I would indeed be the last person to equate all branding with advertising but the quote does resonate with a question that many CFOs have been asking for years on end: Do brands deliver business results? In fact, one finance head in the middle of a particularly acrimonious debate on marketing budgets threw up an interesting googly 'what would really happen if I decided not to advertise this year'. There was a telling silence for almost half a minute. Of course the immediate pushbacks were risking trade support, losing share of voice to competition and suspicions of imminent closure.
But I can't recall a single person in that room actually making a case for retaining customer engagement. How can we afford to ignore the cause and effect relationship between branding expenses and performance metrics? And why don't we measure this relationship? Talk to companies and this is usually brushed off, citing the tenuous links between brand expenditure and sales performance. By that token do we really know which part of the capital employed in any business really delivered the ROCE?
Back in 2009, a friend, who chairs one of the top five communications groups today, asked if we could design a brand award in memory of his famous father who founded the firm. (I have lost count of the number of brand awards this country gives out. Are they really taken seriously?) We agreed, provided the award recognised brands that could demonstrate a performance contribution. And so was born the Hiperband(TM), or the High Performance Brand award. The underlying logic was that the business under the chosen brand should have been able to sustain growth over the category, as well as drive a return in excess of the cost of capital. In tandem, this would provide fundamental evidence of the role of the brand in generating economic earnings. We linked brand metrics to performance measures, thereby making brands accountable for shareholder returns.

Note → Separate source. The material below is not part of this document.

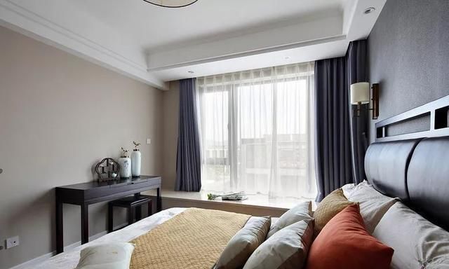 主卧空间实木地板搭配浅灰色墙面乳胶漆粉刷,顶面四周设计吊顶,提升卧室层次感。陈设一张舒适的双人大床,床头墙面安装黄铜色壁灯,进行装饰,营造出轻奢的贵气。床位角落摆放一张黑实木桌椅,可以作为梳妆台或是办公学习空间,搭配一些瓷器进行装饰,效果漂亮又实用。

Let us take a couple of examples to test this logic.
BMW is able to generate demand at a higher rate than the competition. This is because it enjoys a higher level of purchase consideration, existing customers would like to upgrade to another BMW and most Beamer customers will strongly recommend the brand to other prospective car buyers. It is fairly clear that the business will enjoy a much higher level of enquiry than the category as a whole, placing it over tail wind. Given this strong equity, it will generate higher levels of conversion, higher average price recoveries and low credit periods too.
The upshot of all this is threefold: strong momentum, healthy margins and steady cash flows. It takes no financial genius to link these to enviable levels of economic profit and shareholder value. Could you say the same for many of their competitors? The difference is primarily in the ability of the BMW brand asset to influence real business metrics.
This could be applied to an Apple, an Uber (in a little while) as well as a Disney. All of these businesses tend to have higher predictability as well as cash streams. Both derived from the intrinsic strength of the brand assets. Back home in India HUL even today has a negative working capital utilisation. This is because the company provides almost zero credit to the trade while enjoying decent levels of credit from their suppliers. Both are the direct result of high brand equity.
None of this is possible of course without a fundamental recognition of brands as business assets. The world's best companies including B2B giants like GE assign CXO level responsibility to their brand assets. It is only then that brands get the financial recognition, performance accountability and the governance that puts them in the same class as any other capital item.